「使徒たちが、『わたしどもの信仰を増してください』と言ったとき、主は言われた。『もしあなたがたにからし種一粒ほどの信仰があれば、この桑の木に、「抜け出して海に根を下ろせ」と言っても、言うことを聞くであろう。』」ルカ17,5-6
自分たちの信仰が小さすぎると思った使徒たちは、イエスにそれを増してくださるように頼みました。その依頼に応えてイエスが言われたのは、彼らの信仰の本当の問題というのは、その大きさではなく、その質、つまりそのあり方であるということでした。
その12人の使徒は、自分たちの家とか仕事とか、つまり今までの生き方を捨てて、イエスの呼びかけに応えて従ったほどに強い信仰を持っていました。けれども、彼らが信じたのは、メシアとしてイエスがいつか必ず王になるということと、イエスに従えば、その権力や富や名誉に自分たちもまたあずかることができるということでした。彼らにとって、イエスを信じてイエスに従うというのは、自分たちの野心や欲望を満たすための手段であったわけです。
正しい信仰のあり方を説明するために、イエスは謙遜な僕について、たとえを語りました。真の信仰を持っている弟子は、このたとえの僕が主人に仕えたように、キリストに仕えます。それは、キリストが私たちの奉仕を必要としているからとか、私たちを奴隷にしたいからとかではありません。キリストに仕えることによって、人は自分の能力や時間だけではなく、自分自身をキリストに奉献するのです。
実は、キリストにとって私たちは僕ではなく、友なのです(ヨハ15,15)。そして、イエスは私たちの奉仕を受けるだけではなく、自ら私たちに仕えてもくださるのです(ルカ12,37)。それは、ご自分の命を与えてくださったほど献身的な奉仕だったのです。

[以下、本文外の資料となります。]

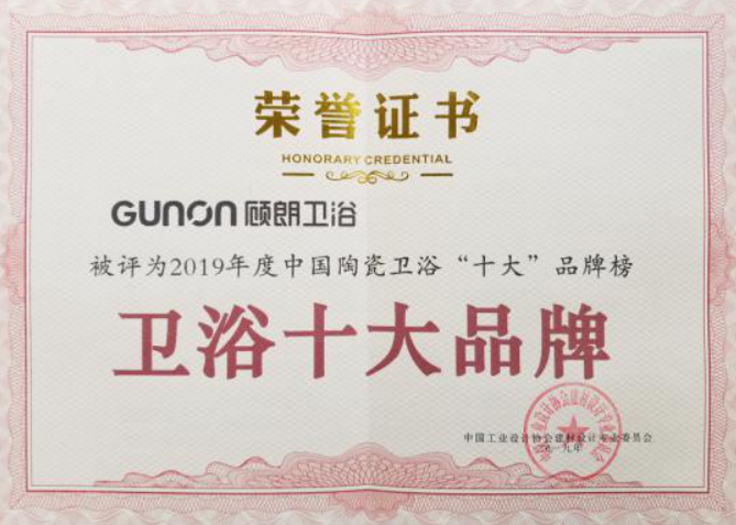 顾朗卫浴---实至名归!荣获“卫浴十大品牌”

そのような相互の奉仕の目的というのは、より楽な生活を互いに送るような利益ではなく、永遠につづく相互の一致なのです。私たちはキリストの奉献を受け入れ、自分自身をキリストに完全にささげたら、イエスと一つになるのです。そしてイエスと一致することによって、父である神の命にあずかり、神の愛に生きるようになるのです。それこそが、真の信仰の最終的な目的であるのです。